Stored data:
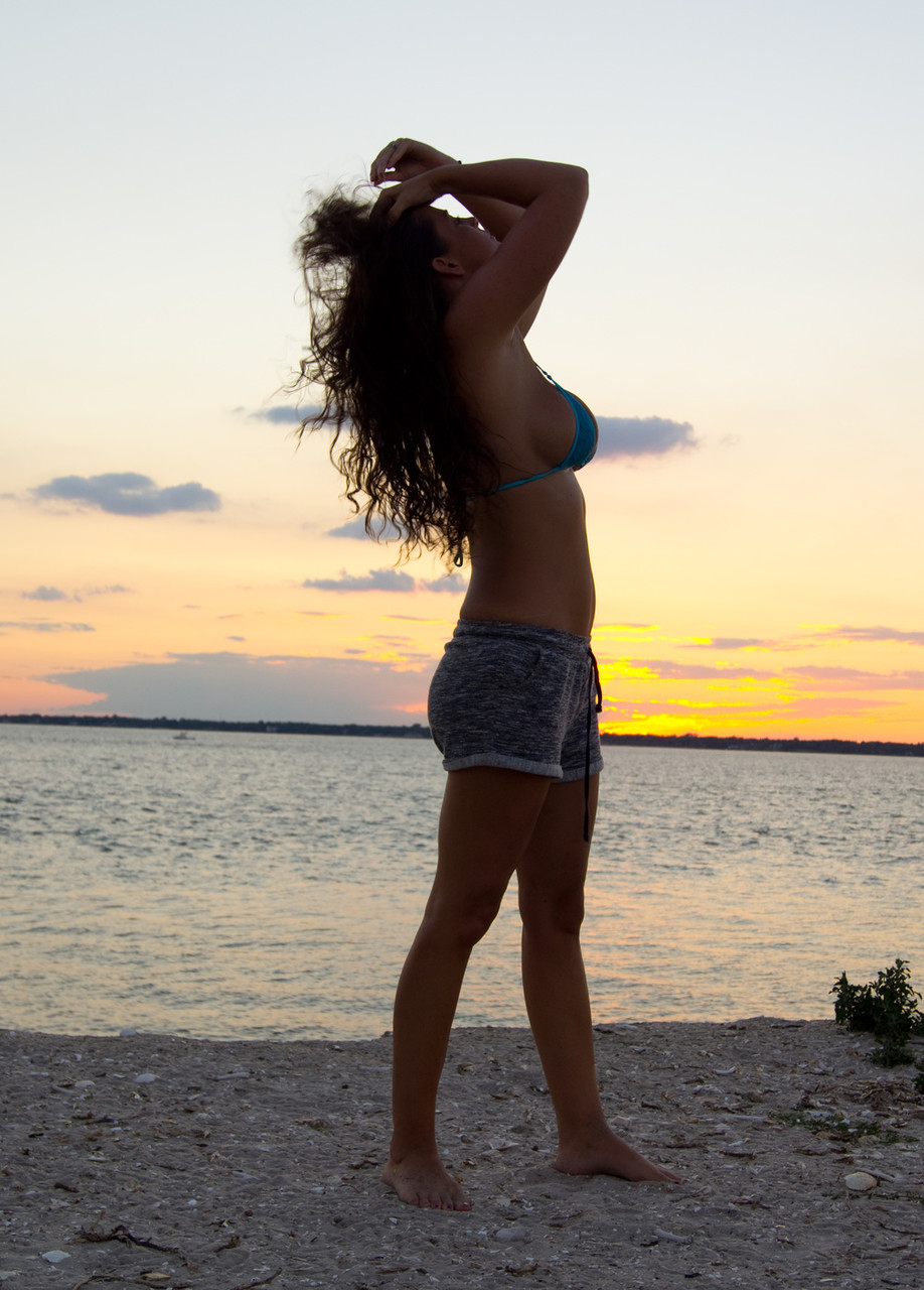 सुंदर भूरी मॉडल जेसिका ओ समुद्र तट पर कातिलाना वक्र दिखाती है - गैलरी जानकारी
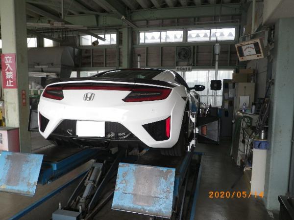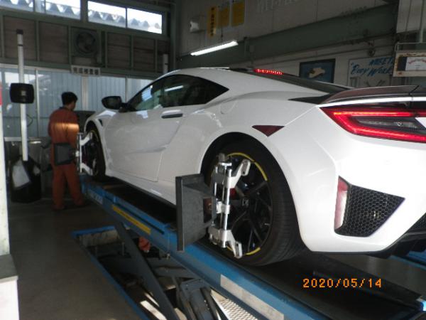 皆様こんにちは。本日はホンダの渾身のフラッグシップカーであります、NSXのアライメント調整の依頼を承りました。実物を初めて生で拝見しましたが、カッコよろしいお車でした。私は外から眺めているだけで、メカニックに触っちゃダメとダメだしされちゃいました。
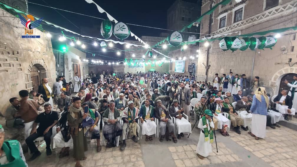 نظم أبناء حارة الوشلي بمديرية صنعاء القديمة في أمانة العاصمة،اليوم، فعالية ثقافية بذكرى المولد النبوي الشريف.
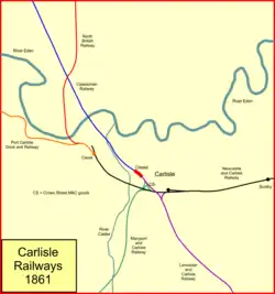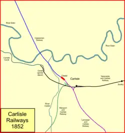 On 8 August 1852 the Maryport and Carlisle Railway opened a west-to-north curve from Forks Junction to Citadel, enabling direct access to Carlisle without reversal; from this time goods traffic also used this new connection. The new approach crossed the Canal line on the level; the M&CR were required to appoint a person to make signals at the passage of trains.[1][11]
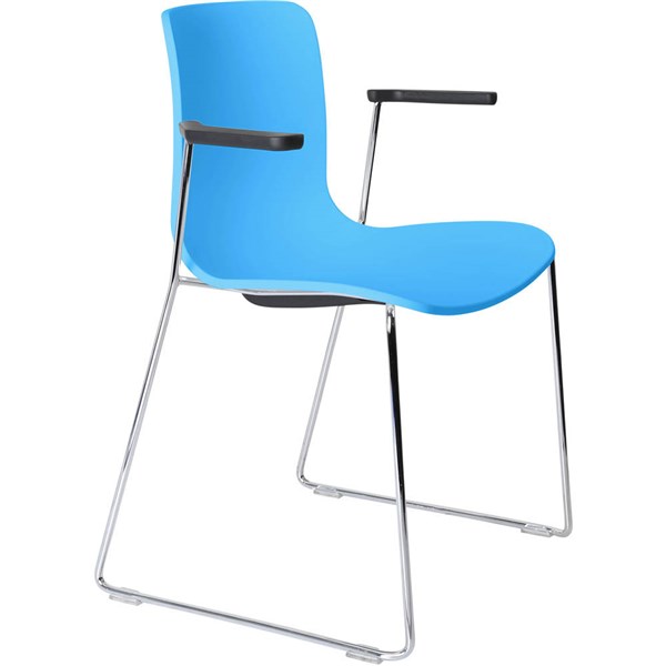 DAL ACTI CHAIR SLED BASE ARMS BLACK ARM-PADS AND CHROME FRAME OCEAN BLUE POLYPROP SHELL
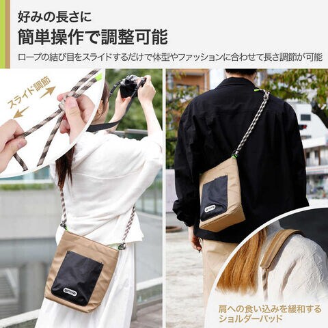 ロープ状のショルダーストラップと、ビビッドなアクセントカラーを散りばめた遊び心あふれるデザインは、フェスやキャンプなどアクティブなレジャーシーンにもぴったりです。
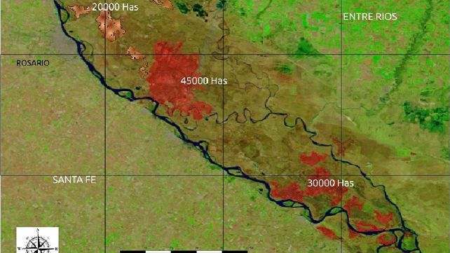 La Comisión Nacional de Actividades Espaciales (Conae) informó que hasta este jueves se quemaron 95.000 hectáreas del delta del río Paraná, producto de los incendios en las islas de Victoria y alrededores. Además, el organismo dio cuenta de la presencia de aerosoles y otros contaminantes en el aire de la región.
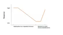 Another unique way to study infants' cognition is through habituation, which is the process of repeatedly showing a stimulus to an infant until they give no response.[72] Then, when infants are presented with a novel stimulus, they show a response, which reveals patterns of cognition and perception.[72] Using this study method, many different cognitive and perceptual ideas can be studied. Looking time, a common measure of habituation, is studied by recording how long an infant looks at a stimulus before they are habituated to it. Then, researchers record if an infant becomes dishabituated to a novel stimulus. This method can be used to measure preferences infants, including preferences for colors,[73] and other discriminatory tasks, such as auditory discrimination between different musical excerpts.[74]
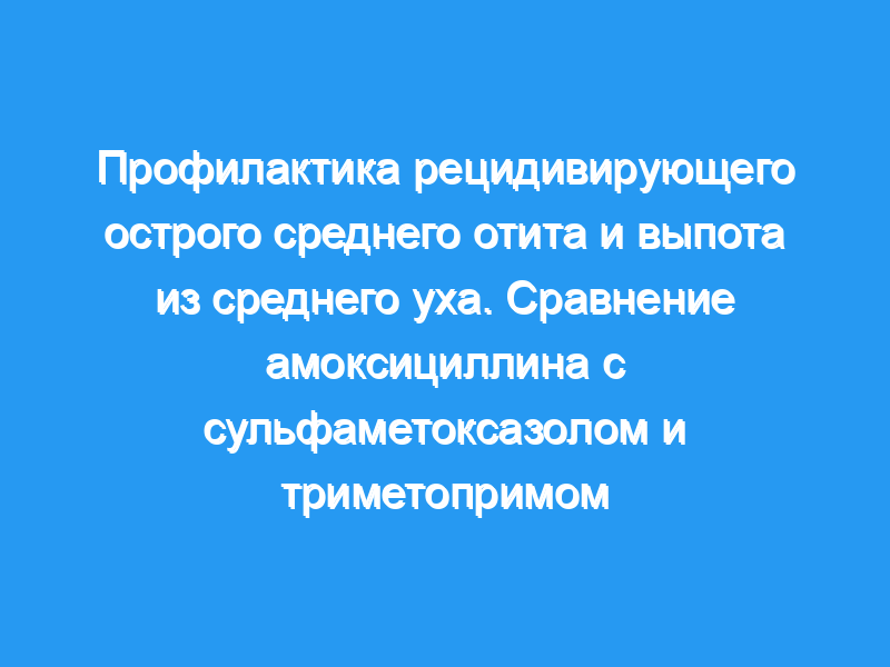 Мы сравнили эффективность амоксициллина с эффективностью комбинированного препарата сульфаметоксазола и триметоприма в снижении рецидивов острого среднего отита (ООМ) в одиночном слепом рандомизированном плацебо-контролируемом исследовании с участием 96 детей.
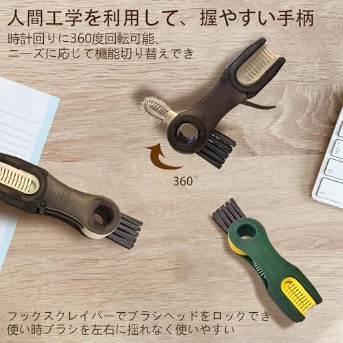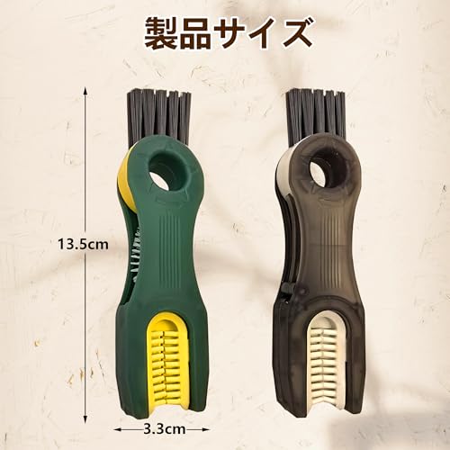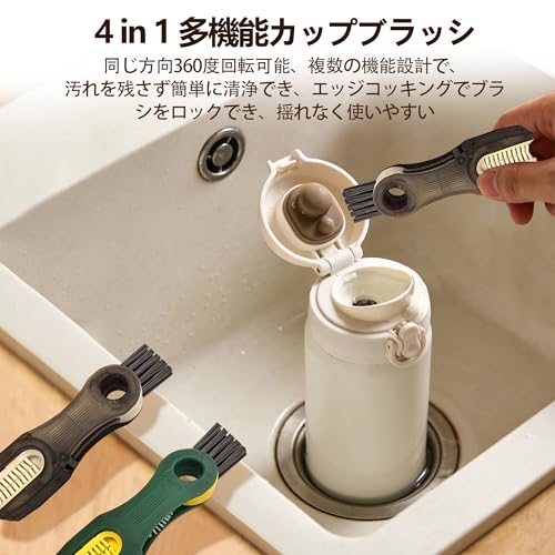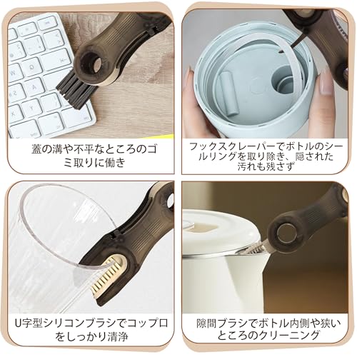 商品説明:いつでもどこでも清潔を保ちたい方へ。本品は多機能デザインの水筒ブラシで、あらゆる水筒・ボトルの洗浄を徹底サポートします。色は人気の黒・緑色でお好みにより選べます。コップ、ボトルも、付着した汚れやシミを簡単に落とすことが可能です。ブラシ本体は柔軟性に優れたナイロン素材を採用しており、ボトルの溝や凸凹不平なところにもしっかり清浄できます。多機能設計ヘッドで、ニーズにより切り替え、届きにくい狭いところの汚れも楽々清浄できます。主な特徴:多機能ヘッド設計: a. フックスクレーパーでボトルのシールリングを取り除き、隠された汚れも残さず。b.U字型ブラシでカップの口に合わせて、カップ周りの頑固な汚れを除去。 c. 隙間ブラシを使ってふたの内側の狭い溝を掃除。 d. 角毛ブラシで容器の角の溝の汚れを取り除きます。隙間ケアに役たち: 360度回転できる機能でニーズによりブラシを自由に切り替え、ステム部分や蓋のパッキン溝などの狭い隙間の汚れを効果的にかき出します。ボトル全体の衛生管理を徹底したい方に最適。高品質素材: 耐熱性・耐摩耗性に優れた素材を使用。繰り返し使用しても変形や劣化が少なく、長期間清潔にご利用いただけます。ハンドル部分は滑り止め加工で握りやすく、洗剤がついた状態でも安定した操作を実現。洗浄力と保護を両立: 強力な洗浄力を発揮しながらも、ボトル内面(ステンレス・ガラス・プラスチックなど)を傷つけにくい配慮された設計です。大切なマイボトルの美観と機能を維持しますコンパクト収納: 使用後は水切りが良く、清潔を保ちながら省スペースで収納可能。キッチンやアウトドア、オフィスなど、あらゆるシーンで便利にご活用ください。このブラシは、水筒やマグカップ、ストロー付きボトル、ペットボトルなど、様々な容器の日々のお手入れに。忙しい毎日でも、手軽で確実な洗浄を実現し、清潔で快適なドリンクライフをお約束します。それに溝や隙間、凹凸不平なところの掃除に楽々!

WHAT IS BEING ASKED: In the records above, find the line with "La Comisión Nacional" and the line with "Мы сравнили эффективность"; please transcribe exactly those two lines and all lines between them, omitting any picture.

SOLUTION:
 La Comisión Nacional de Actividades Espaciales (Conae) informó que hasta este jueves se quemaron 95.000 hectáreas del delta del río Paraná, producto de los incendios en las islas de Victoria y alrededores. Además, el organismo dio cuenta de la presencia de aerosoles y otros contaminantes en el aire de la región.
 Another unique way to study infants' cognition is through habituation, which is the process of repeatedly showing a stimulus to an infant until they give no response.[72] Then, when infants are presented with a novel stimulus, they show a response, which reveals patterns of cognition and perception.[72] Using this study method, many different cognitive and perceptual ideas can be studied. Looking time, a common measure of habituation, is studied by recording how long an infant looks at a stimulus before they are habituated to it. Then, researchers record if an infant becomes dishabituated to a novel stimulus. This method can be used to measure preferences infants, including preferences for colors,[73] and other discriminatory tasks, such as auditory discrimination between different musical excerpts.[74]
 Мы сравнили эффективность амоксициллина с эффективностью комбинированного препарата сульфаметоксазола и триметоприма в снижении рецидивов острого среднего отита (ООМ) в одиночном слепом рандомизированном плацебо-контролируемом исследовании с участием 96 детей.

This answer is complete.